Housing prices in the US expected to continue rising in 2017; luxury residential units oversupplied
According to CoreLogic, a leading global property information, analytics and data-enabled solutions provider, property prices in the United States rose six per cent year-on-year in July 2016 and are expected to grow at a similar rate next year. Month-on-month values of homes rose 1.1 per cent in July across the country. CoreLogic expects a further increase of 0.4 per cent in August, and year-on-year home prices to increase 5.4 per cent by July 2017. Chief Economist at CoreLogic, Dr Frank Nothaft, expects home prices to continue rising in the year ahead if mortgage rates stay relatively low while the number of jobs continues growing.
Despite optimism in the US housing market, luxury residential property in Manhattan is facing a different situation. To encourage the sale of luxury residential units, buyers have been offered discounts of up to five per cent, and developers have been adjusting their sales plans to help their projects gain more traction. In 2016, New York will have launched 3,500 more new apartments, resulting in stiffer competition for sales.
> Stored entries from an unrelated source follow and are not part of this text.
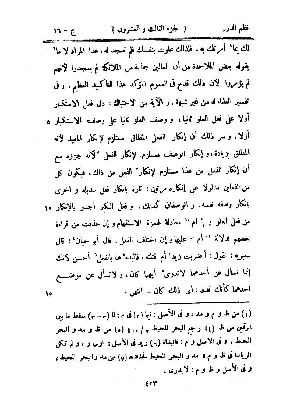 لك بما أمرتك به، فلذلك علوت بنفسك فلم تسجد له، هذا المراد لا ما يقوله بعض الملاحدة من أن العالين جماعة من الملائكة لم يسجدوا لأنهم لم يؤمروا لأن ذلك قدح في العموم المؤكد هذا التأكيد العظيم، وفي تفسير العلماء له من غير شبهة، والآية من الاحتباك؛ دل فعل الاستكبار أولاً على فعل العلو ثانياً، ووصف العلو ثانياً على وصف الاستكبار أولاً، وسر ذلك ان إنكار الفعل المطلق مستلزم لإنكار المقيد لأنه المطلق بزيادة، وإنكار الوصف مستلزم لإنكار الفعل لأنه جزوه مع أن إنكار الفعل من هذا مستلزم لإنكار الفعل من ذاك، فيكون كل من الفعلين مدلولاً على إنكاره مرتين: تارة بإنكار فعل عديله وأخرى بإنكار وصفه نفسه والوصفان كذلك وفعل الكبر أجدر بالإنكار من فعل العلو و «أم» معادلة لهمزة الاستفهام وإن حذفت من قراءة بعضهم لدلالة «أم» عليها وإن اختلف الفعل، قال أبو حيان: قال سيبويه: تقول: أضربت زيداً أم قتلته، فالبدء هنا بالفعل أحسن لأنك إنما تسأل عن أحدهما لا تدري أيهما كان، ولا تسأل عن موضع أحدهما كأنك قلت: أي ذلك كان - انتهى.
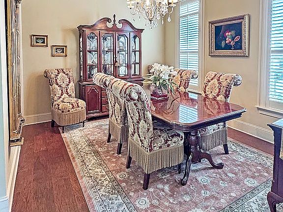 Inside, you’ll find an inviting living space with rich hardwood floors, soaring ceilings, and a cozy gas fireplace. At the heart of the home is a gourmet kitchen featuring an oversized island, double ovens, and stainless steel appliances. Just off the kitchen, a wet bar leads into the formal dining room, providing an elegant space for hosting gatherings and holiday meals.
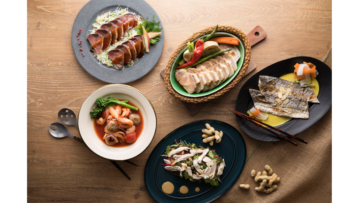 千葉で獲れた新鮮な初ガツオは、千葉産のゆずぽん酢をかけ、さっぱりとした味わいの『カルパッチョ』に。千葉の銘柄鶏である、錦爽鶏(きんそうどり)のムネ肉をやわらかく蒸しあげて、ピーナッツソースでサラダ仕立てにした『千葉産チキンのスチーム ピーナッツソース』も提供される。その他、つみれを煮込んだ白子町名物のブイヤベースをシェラトン流にアレンジした『ブイヤベース 白子スタイル』など、魅力溢れる品々が揃っている。
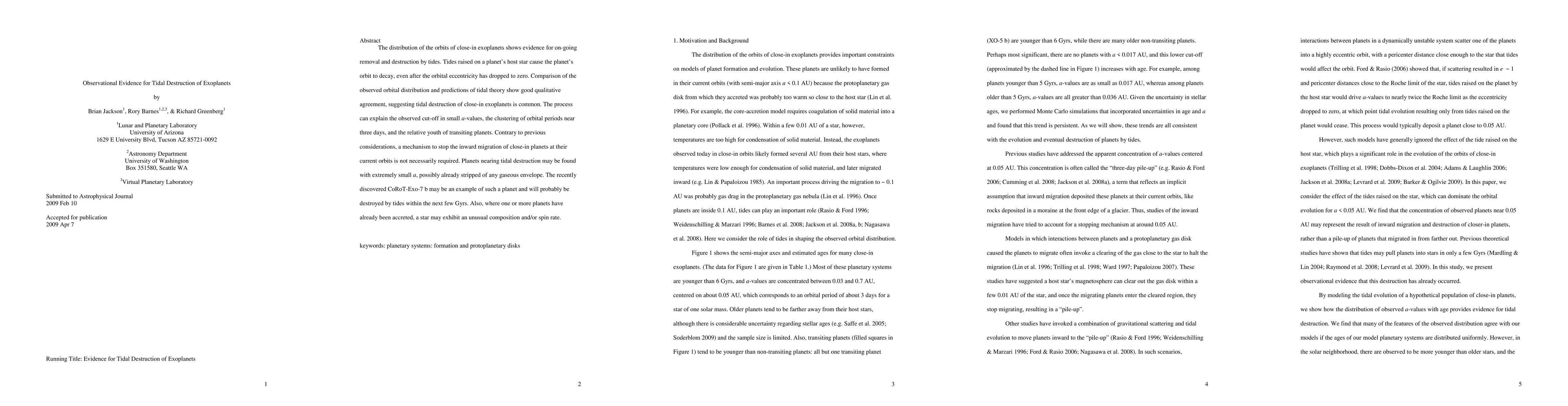 This paper presents observational evidence supporting the tidal destruction of close-in exoplanets, showing that tidal forces from host stars cause orbital decay and eventual destruction. The findings suggest that tidal destruction is a common process explaining observed orbital characteristics and the absence of planets with very small semi-major axes.
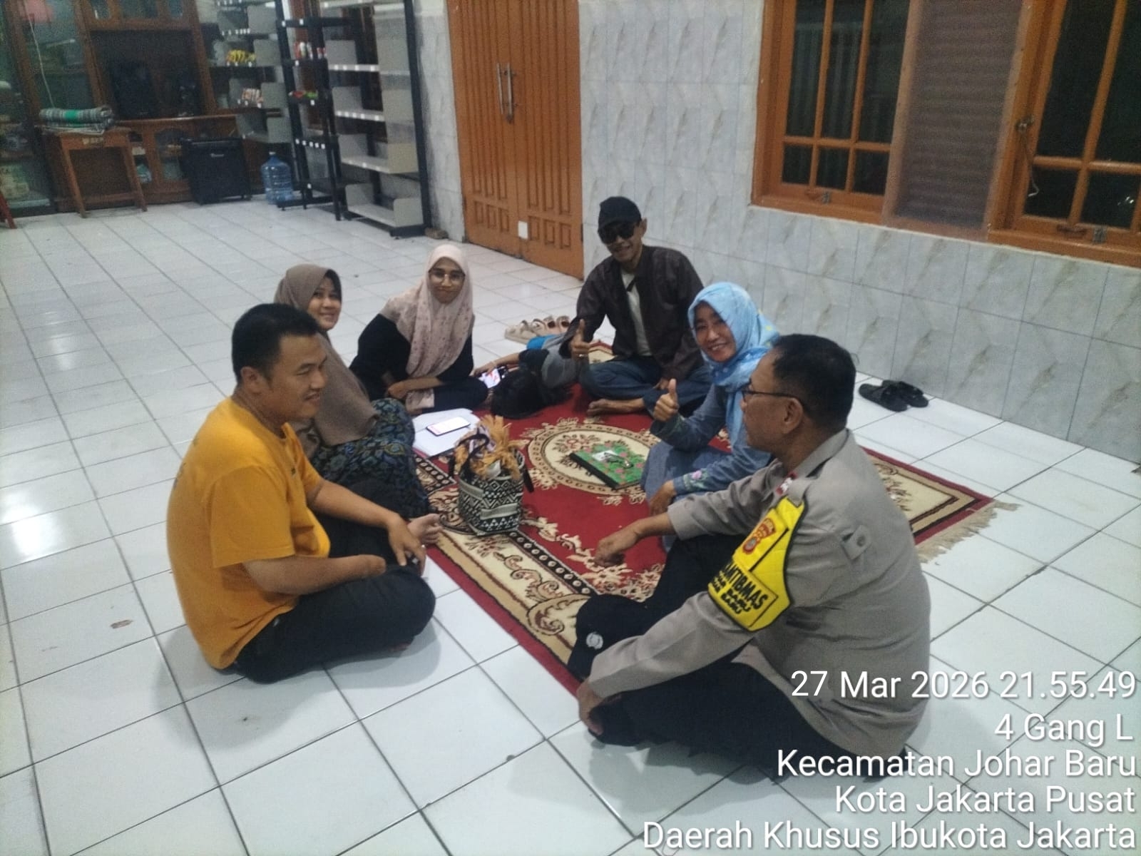 Jakarta Pusat — Guna memastikan situasi keamanan dan ketertiban masyarakat (kamtibmas) tetap kondusif, jajaran Polsek Johar Baru mengintensifkan patroli wilayah dan sambang dialogis di lingkungan warga. Kegiatan tersebut dilaksanakan di Sekretariat RW 05, Jalan Johar Baru IV A, Kelurahan Johar Baru, Jakarta Pusat, Jumat (27/3/2026) malam.
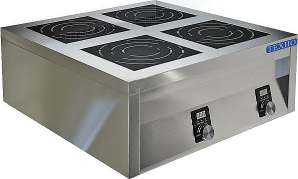 900х900х300мм, Плита 4конфорочная плоская островная, столешница из нержавеющей стали марки AISI 304 толщиной 1,2 мм, корпус из нержавеющей стали марки AISI 430 толщиной 0,8мм. Мощность 4х5 кВт, без борта, питание 380В. Толщина стеклокерамики 6мм. 9 уровней мощности. Поставляется в собранном виде., для ИПП-440147 подходят подставки СПИ-033/919, СПИ-837/919, СПИ-834/919, -, -

According to Corcoran Sunshine Marketing Group, the industry leader in planning, design, marketing and sale of new luxury residential developments, developers have delayed adding to the supply, as the number of units expected to enter the market this year is 38 per cent lesser compared to January estimates.

Average property prices in Auckland surges beyond NZ$1 million for the first time 
The average price of a residential property in Auckland, the largest city in New Zealand, has risen above NZ$1 million for the first time in history. According to government property research agency Quotable Value, the price for a home in Auckland rose 16 per cent to NZ$1.01 million year-on-year, an 86 per cent surge compared to 2007. The property boom in Auckland is a result of record immigration, relatively low interest rates and a supply shortage. However, Jan O’Donoghue, QV General Manager, observed that while the average value of homes in Auckland rose due to increased activity in advance of the announcement of new lending restrictions which will take effect on 1 October, raising deposit requirements for residential property investors, market activity has slowed in the past few weeks. 

Spire London to be officially launched in October 2016; home building sector gets boost post Brexit
Chinese developer Greenland Group will launch Spire London, Western Europe’s tallest residential tower, in October 2016. Spire London, a 235.145 metres high and 67-story residential project situated in the Docklands, will be the tallest in the UK and Western Europe. The project has 861 luxury apartments comprising 765 suites, ranging from one-bedroom to three-bedroom apartments as well as three-bedroom duplex penthouses. The units, with 999-year leases and starting from £595,000, are being sold by international agents including CBRE and Jones Lang Lasalle. According to Senior Director at CBRE, Matthew Leitch, the record-setting height of the project, together with unparalleled views and dynamic architecture sets the Spire London apart from other projects in the Docklands. As a result, buyer interest is expected to stem from end-users as well as local and overseas property investors.
As Britain prepares to leave the European Union, the British government will be announcing a £3 billion house building fund, aimed to help developers by providing cheap loans to improve the home building sector. Existing schemes such as the £525 million builders fund and a £1 billion large sites infrastructure programme are expected to be incorporated in the new building fund to help developers construct new homes. The fund is believed to be target small and medium-sized developers by providing cheaper loans or financial guarantees.